Exercise Therapy To Prevent And Treat Depression

Research supports exercise for major depression. It may be an effective alternative for patients resistant to the currently available medications.

A comprehensive review of all the available therapies suggests that exercise is an effective intervention in  reducing depressive symptoms in patients with major depressive disorder (MDD), on its own and in conjunction with other treatments, such as antidepressant medication and psychotherapy.

The review in the May 2013 Journal of Psychiatric Practice, offers evidence-based recommendations for prescribing exercise, and addresses practical issues related to prescribing exercise in real-world treatment settings .

"Despite the substantial evidence supporting the use of exercise in the treatment of MDD, previous studies have not provided a clear indication of the proper dose of exercise needed to elicit an antidepressant effect," write Chad Rethorst, PhD, and Madhukar Trivedi, MD, of the Department of Psychiatry at the University of Texas Southwestern Medical Center, Dallas. The authors therefore, sought to fill the void by reviewing the available data from controlled clinical trials. The goal was to formulate specific and detailed recommendations for clinicians on how to prescribe exercise for their patients with MDD.

What is the Evidence?

The available evidence suggests that aerobic exercise is preferable for patients with MDD. However, there is evidence for resistance training as well.

Recommendations for patients include: Three to five exercise sessions per week, for 45 to 60 minutes per session.

Aerobic exercise should be done to achieve a target heart rate that is 50 to 85 percent of the individual's maximum heart rate.

Resistance training recommendations include a range of upper and lower body exercises — three sets of eight repetitions at 80 percent of 1-repetition maximum, ie, 80 percent of the maximum weight that the person can lift in one go.

The experts provide data suggesting that health benefits are apparent in four weeks after initiating the exercise regimen. The patients noticed a distinct improvement in depressive symptoms. However, there is no room for complacency: for the greatest degree of benefit in terms of antidepressant effect, the exercise program should be continued for at least ten to twelve weeks.

Compliance is pretty high, as the reviewers note, stating that among "the studies they reviewed, only about 15 percent of patients dropped out of exercise programs; they are comparable to dropout rates in studies of medications and psychotherapy."

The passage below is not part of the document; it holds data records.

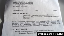 Тым ня меней, прысуд агучаны на падставе нібыта праведзенай экспэртызы матэрыялаў. І вэрдыкт: адмовіць у выдачы сэртыфікату, паколькі вынікі творчай дзейнасьці не адпавядаюць вызначаным крытэрам. А наступным разам для большай вагі рэкамэндавана прадставіць зьвесткі пра зладжаныя выставы, а таксама водгукі ў прэсе:
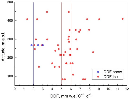 Temperature and precipitation are not the only factors affecting the glacier mass balance, though the role of air temperature is explained by the fact that it is a universal characteristic of almost all components of the heat balance []. In fact, the overall mass change is determined mainly by the energy balance at the glacier surface. Thus, as a simplification, DDFs physically parameterize energy balance components that have an influence on melting. Individual energy components that provide energy for melting vary in space and time, and thus DDF meanings are different for individual glaciers [], and therefore the degree-day approach does not accurately represent the spatial variability of melt over the entire glacier surface. Reported values of degree-day factors of glaciers and snow-covered basins can be found in [,]. At the same time, the DDFs used at a century timescale and that remained stable until the mid of 1970s have decreased by 7% per decade []; therefore, DDFs must be used with caution and only for reconstructing changes over short periods of time.
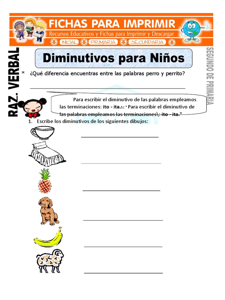 Ficha De Diminutivos Para Ninos Para Segundo De Primaria Razonamiento Verbal Verbal Primarias
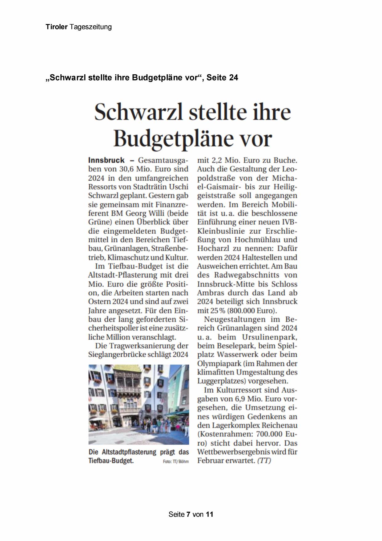 „Schwarzl stellte ihre Budgetpläne vor“, Seite 24
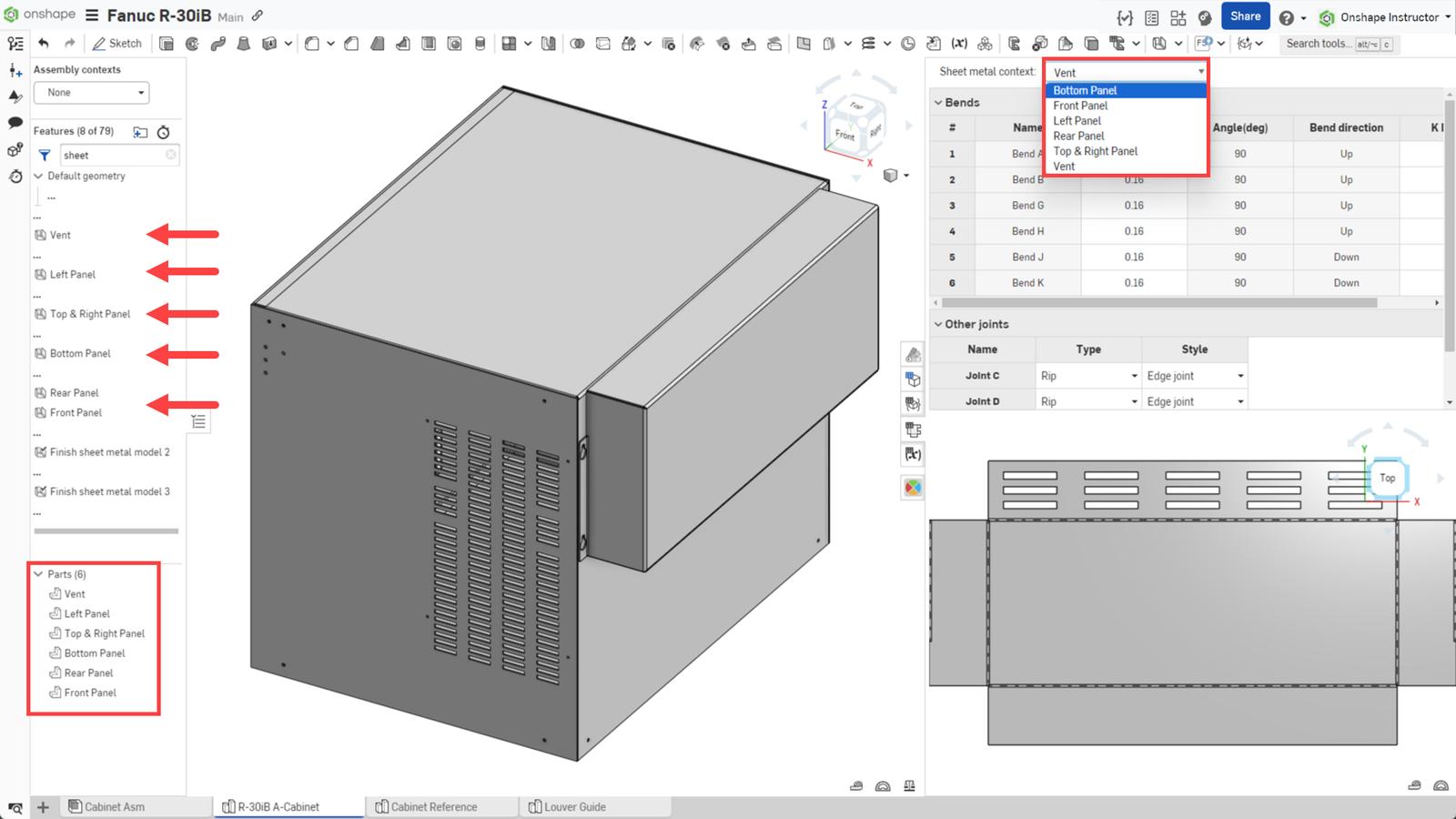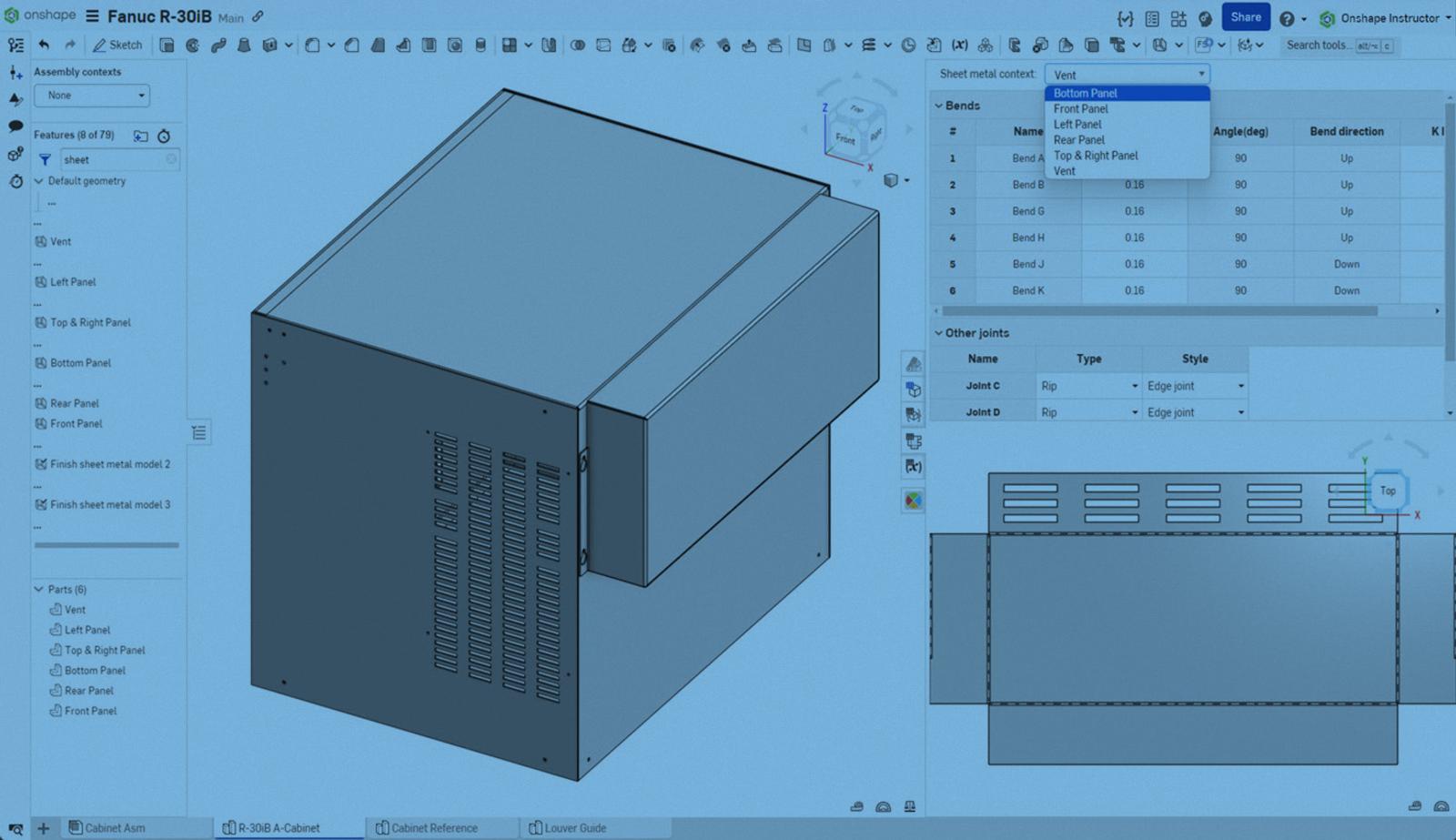 One benefit of an Onshape Part Studio is the ability to create multiple interrelated parts within one environment. The same holds true for sheet metal part design.
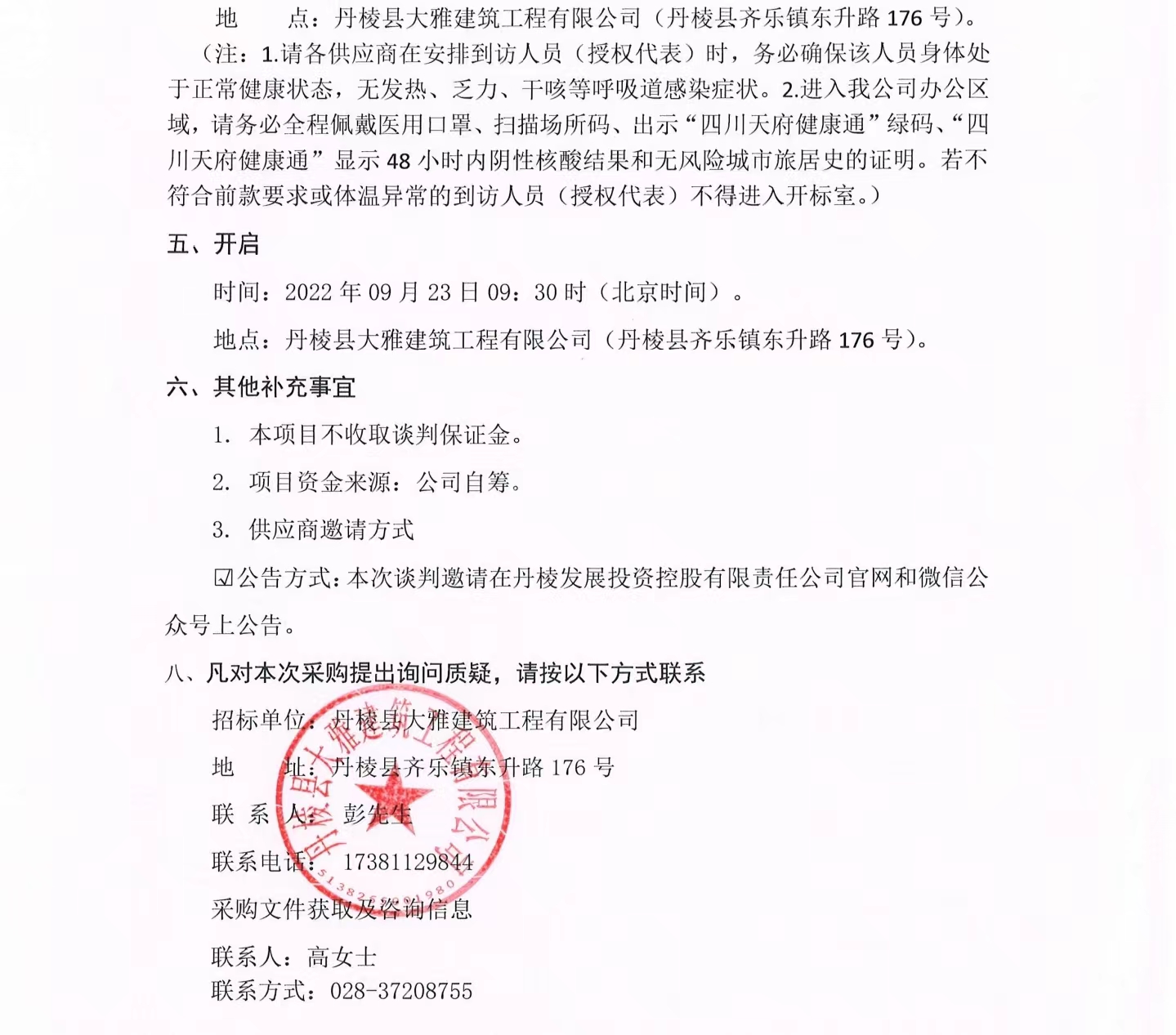 丹棱縣全域農(nóng)旅融合仁美鎮(zhèn)生態(tài)濕地公園(社區(qū)公園)、廣場(chǎng)及配套旅游設(shè)施建設(shè)項(xiàng)目稻田餐廳工程幕墻專業(yè)分包項(xiàng)目談判邀請(qǐng)公告

Strategies that may help improve adherence to exercise programs are quite a few: the choice of exercise is varied and consulting patients about what interests them and tailoring individualized educational and exercise regimen helps. Practical tips for clinicians on exercise intervention are always a boon, especially if it helps patient adherence.

"These findings suggest that exercise doses below the current recommendations may still be beneficial for patients with MDD," the authors write. They suggest that clinicians should encourage patients to proactively take to some  form exercise "even if they do not exercise enough to meet current public health recommendations."